Bonus Opportunities (1%)

Your feedback is essential for the continuous improvement of this course. To encourage participation, students who attend the mid-semester feedback session, facilitated by the Center for Excellence in Teaching and Learning (CETL), will earn 5 points. Additionally, if 75% of students complete the end-of-semester SPOT survey, all students will receive an extra 5 points. There is no other extra credit.

Homework

Homework problems will be assigned at the end of every topic on the last page of the slides. These exercises will not be collected and graded, but you are encouraged to solve every exercise to prepare for quizzes and exams. It may be helpful to initially work on the problems with other students, but you should eventually ensure that you can do them on your own. Answers to the homework exercises will be provided on Canvas.
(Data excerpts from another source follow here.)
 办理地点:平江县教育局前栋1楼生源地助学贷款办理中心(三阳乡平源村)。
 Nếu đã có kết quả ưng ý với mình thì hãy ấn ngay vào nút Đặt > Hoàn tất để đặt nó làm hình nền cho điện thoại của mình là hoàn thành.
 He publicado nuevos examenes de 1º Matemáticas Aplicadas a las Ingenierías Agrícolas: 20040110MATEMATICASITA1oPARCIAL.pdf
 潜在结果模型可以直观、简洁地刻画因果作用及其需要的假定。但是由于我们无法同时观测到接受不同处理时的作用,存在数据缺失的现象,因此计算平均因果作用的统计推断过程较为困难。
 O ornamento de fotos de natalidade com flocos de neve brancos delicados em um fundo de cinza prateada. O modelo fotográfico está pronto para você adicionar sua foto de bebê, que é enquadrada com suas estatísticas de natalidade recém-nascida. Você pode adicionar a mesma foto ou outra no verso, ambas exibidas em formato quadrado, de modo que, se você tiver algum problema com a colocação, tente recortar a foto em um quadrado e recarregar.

You are encouraged to check your solutions with the instructor or TA during office hours.

Class Attendance

Attendance is required. If you have to miss class, you do not need to document the causes, such as illnesses and interviews. But it is your responsibility to catch up on all material, information, and assignments covered during your missed class time and appropriate arrangements will need to be made to obtain and complete all necessary coursework. If you have an illness or emergency that requires you to miss class for an extended period of time or that interferes with completing an exam, please contact the instructor to discuss the situation.

Use of AI

Students are encouraged to utilize AI tools to assist in understanding concepts and methods, following the guidelines from TLOS.

Class Behavior

I expect you to behave respectfully toward your peers. Use good manners in class sessions and in office hours. Participate in class discussions, interact with your peers, stay engaged in lectures, and avoid distractions. Obey all VT health and safety guidelines.
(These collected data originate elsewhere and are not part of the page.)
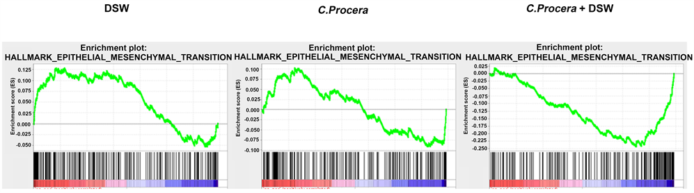 skin gene expression. The effects of these extracts on various biological functional gene sets were analyzed by the GSEA approach. To this end, 0.4 g/L C. procera extract and 5 g/L DSW extract alone or in combination were topically applied on reconstructed full thickness skin tissues. Comparison of the gene profiles of the treatment groups to whole transcriptome GSEA revealed that biological processes pertaining to hypoxia (Figure 4(a)), glycolysis (Figure 4(b)) and epithelial mesenchymal transition (EMT, Figure 4(c)) were enriched. The GSEA analyses further confirmed that those three biological pathways were found to have an opposite direction in the combined treatment group versus treatment with each ingredient as stand-alone. In the treatment group with a combination of C. procera and DSW all three biological pathways were significantly down-regulated (hypoxia FDR = 0, glycolysis FDR = 0.036 and EMT FDR = 0) while in the treatment groups with C. procera or DSW separately, the three biological pathways were up-regulated (hypoxia: FDR = 0.014 for DSW and FDR = 0 for C. procera extract, glycolysis: FDR = 0.021 for DSW and FDR = 0.11 for C. procera extract and EMT FDR = 0.022 for DSW and FDR = 0.077 for C. procera extract).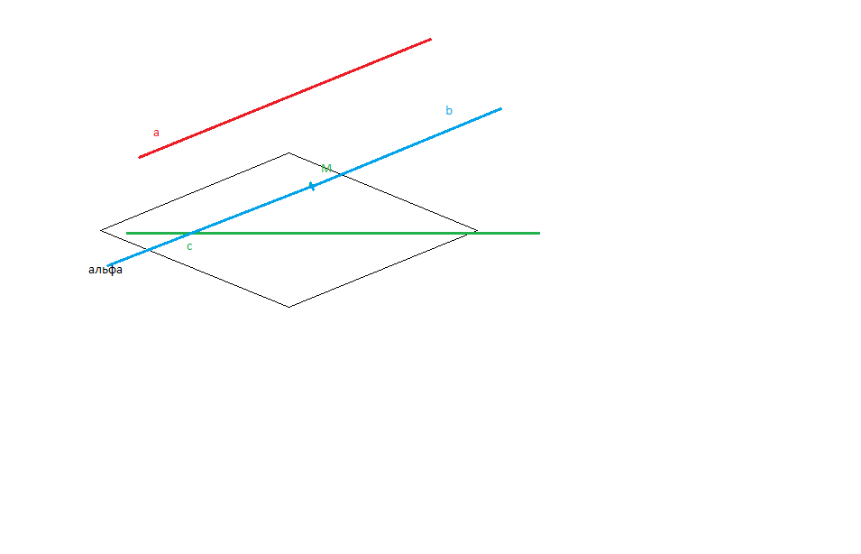 Прямая а параллельна плоскости Альфа.Точка М и прямая с лежат в плоскости Альфа.Через точку М проведена пряма b, параллельную прямой а. Каково взаимное расположение прямых b и c?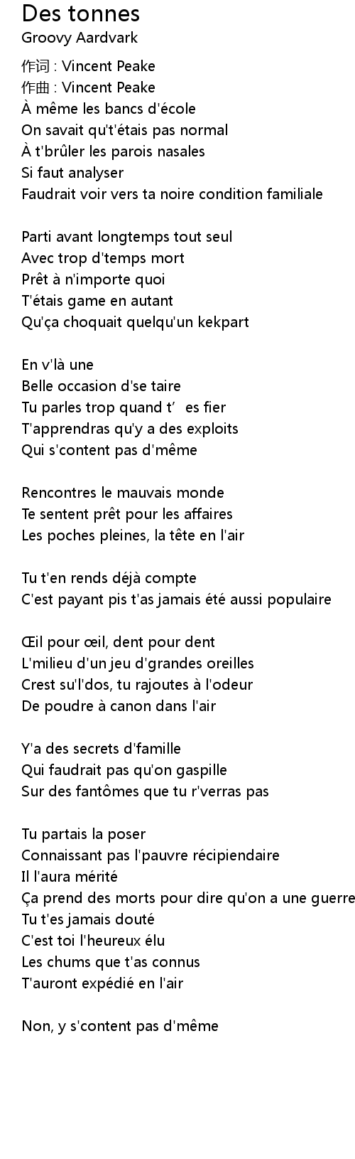 | 歌曲 | Des tonnes |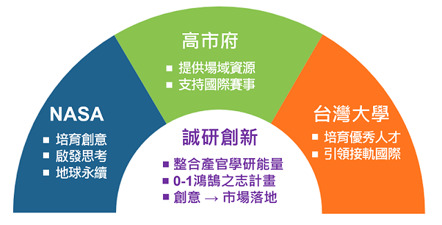 誠研創新 與國立臺灣大學 吳俊輝教授合作多年,在今年「NASA 黑客松」賽事中,雙方更擴大合作規模,深度探勘推薦團隊參賽。本屆的城市賽,台灣分北中南區共有54支隊伍報名參賽,經過激烈比拚後,頒出 31 個獎項,並挑選出7支菁英隊伍組成台灣代表隊,進軍接下來的全球賽,其中就有2支隊伍來自高雄。除了精彩賽事看點外,誠研創新 提出「鴻鵠之志」計畫,打造從概念到創業(0→1)的機制,讓參賽團隊的構思或原型不止停留在「提案」階段,而是能透過導師輔導、技術媒合與資源配對串聯,孵化為具備商業化機會與市場潛力的MVP、能市場落地的具體方案。誠研創新 成功匯聚產官學研的力量,建立共創共育的鏈結網絡,讓國際賽事與地方創業生態互為支撐。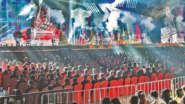 10月30日晚,“点亮长江”——2025长江文化艺术季在宜昌闭幕。为期49天的2025长江文化艺术季,以艺术为桥、科技为翼、文旅为魂,倾力呈现荆楚之姿、长江之美、中国之韵。闭幕式后,两万余名嘉宾观摩了2024—2025年度中国电影大数据暨电影频道M榜荣誉之夜活动。(湖北日报全媒记者 刘曙松 摄)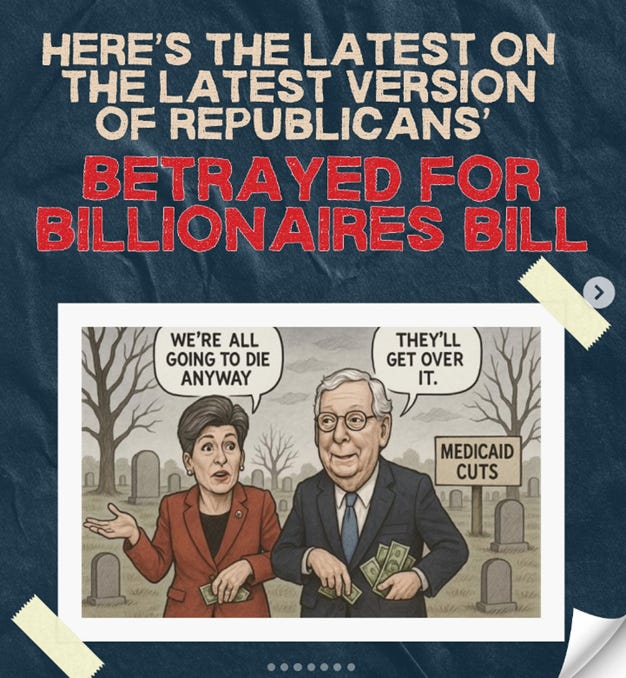 I’m no longer leading the Indivisible Group, but I still get regular emails from the group’s leader, Luisa. Earlier today, I received an email about the group’s response to the Senate’s passage of the Republican reconciliation bill. She provides good information about the bill, and is also asking people to participate in phonebanking tonight to tell people about the imopact of this terrible bill.

Students with Disabilities

Virginia Tech welcomes students with disabilities into the University’s educational programs. If you anticipate or experience academic barriers that may be due to disability, please contact the Services for Students with Disabilities (SSD) office (540-231-3788, ssd@vt.edu, or visit https://ssd.vt.edu/). If you have an SSD accommodation letter, please email it to me as soon as possible, so we can make the appropriate arrangements. At a minimum, you should provide 5 business days’ notice for scheduling exam accommodations.

Honor Code

The Undergraduate Honor Code pledge that each member of the university community agrees to abide by states: “As a Hokie, I will conduct myself with honor and integrity at all times. I will not lie, cheat, or steal, nor will I accept the actions of those who do.”
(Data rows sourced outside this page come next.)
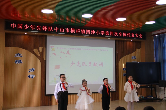 2021年12月1日下午,少先队中山市横栏镇四沙小学第四次代表大会顺利召开。250名少先队员代表和37名成人代表出席。大会号召全体少先队员学习全国少工委、团中央、教育部联合印发的《少先队改革方案》文件精神,学习全国少工委七届四次全会精神,带领队员们好好学习,从小学先锋,争做新时代先锋少年。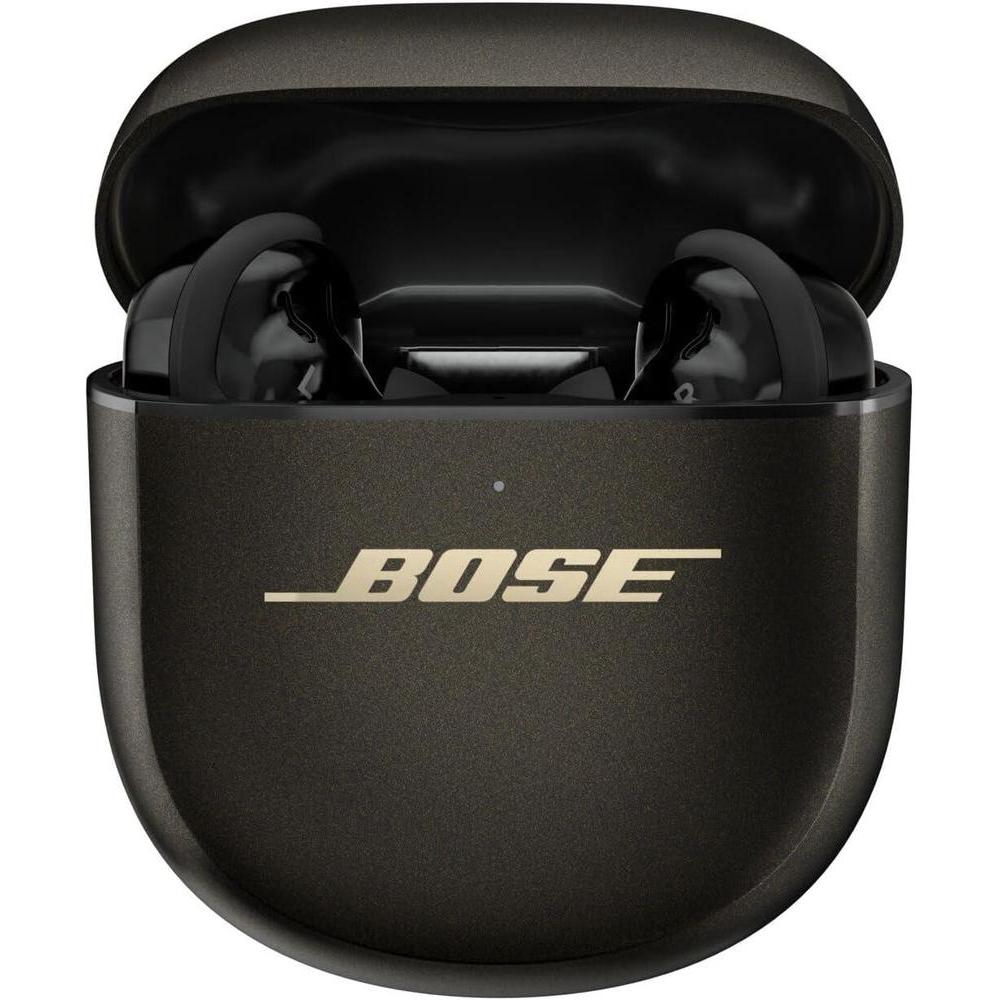 • Componentes incluidos: 2 auriculares Bose QuietComfort Ultra (2.ª generación), Bose Kit de ajuste: 3 pares de almohadillas (S, M, L) 3 pares de bandas de estabilidad (1, 2, 3), Cable USB-C (A a C) de 12, Estuche de Carga Inalámbrica, Funda de carga inalámbrica, Hoja de seguridad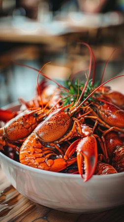 An exquisite display of crawfish in a pristine white ceramic bowl, set against a blurred background for an artistic culinary presentation

Students enrolled in this course are responsible for abiding by the Honor Code. A student who has doubts about how the Honor Code applies to any assignment is responsible for obtaining specific guidance from the course instructor before submitting the assignment for evaluation. Ignorance of the rules does not exclude any member of the University community from the requirements and expectations of the Honor Code. Academic integrity expectations are the same for online classes as they are for in-person classes. All university policies and procedures apply in any Virginia Tech academic environment. For additional information about the Honor Code, please visit https://www.honorsystem.vt.edu/.

A Bit of Advice

Please plan ahead to make your semester go as smoothly as possible. Putting off lectures or studying until the last minute can make some weeks terribly stressful. Have the discipline to work ahead on your slow weeks to keep the busy weeks bearable. Always make healthy decisions – don’t stay up all night finishing a project or studying for an exam. If you ever need to make a choice between getting a good grade and taking care of yourself, you should always do what is best for your health, whether it be mental or physical. There are more important things than grades.

Acknowledgments

The course content is built upon materials made by Dr. Barbara Fraticelli and Dr. Dan Simundza.